The dollar fell against other major currencies apart from the yen while demand for government bonds dropped. European shares jumped, led by banks and oils, tracking gains in the United States and Asia.

The FTSEurofirst 300 index of top European shares traded 5.3 per cent higher. Earlier, Japan's Nikkei climbed 5.2 per cent to its highest close in a week.

US President-elect Barack Obama said on Saturday his plan to create at least 2.5 million new jobs included the largest infrastructure investment since the 1950s and a huge effort to reduce US government energy use.

Lawmakers in the US Congress are also working on draft legislation to help out the embattled auto industry.

Global stocks as measured by MSCI were up around three per cent. For the year to date, however, they remain down more than 46 per cent.

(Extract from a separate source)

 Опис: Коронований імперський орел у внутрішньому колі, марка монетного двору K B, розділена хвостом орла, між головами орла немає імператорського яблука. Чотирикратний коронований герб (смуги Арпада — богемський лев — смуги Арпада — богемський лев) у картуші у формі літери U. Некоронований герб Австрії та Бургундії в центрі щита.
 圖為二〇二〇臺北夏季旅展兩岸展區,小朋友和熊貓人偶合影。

The dollar fell broadly, hitting its lowest against the euro and a basket of major currencies in more than a week as the steep rally in European shares indicated renewed risk appetite and boosted higher-yielding currencies. The euro rose 1 per cent to $1.2867 while the dollar index fell 1 per cent.

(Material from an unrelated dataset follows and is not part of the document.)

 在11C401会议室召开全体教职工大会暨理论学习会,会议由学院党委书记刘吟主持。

However, the yen tumbled, hitting its lowest level against higher-yielding currencies, including the Australian dollar, the euro and sterling in roughly a week due to the slight pullback in risk aversion which boosted European shares.

The dollar was up 0.4 per cent to 93.24 yen, off its highs.

Euro zone government bond yields rose sharply. — Reuters

Sensex up 197 points

Mumbai: The benchmark Sensex on the Bombay Stock Exchange today ended higher by nearly 200 points after trimming its early gains on brisk buying across realty, metal consumer goods and power counters, the major beneficiaries of government's multi-crore stimulus package for the industry.

After a rousing start, the 30-share Sensex on the BSE finally settled at 9,162.62, a rise of 197.42 points or 2.20 per cent over its previous close.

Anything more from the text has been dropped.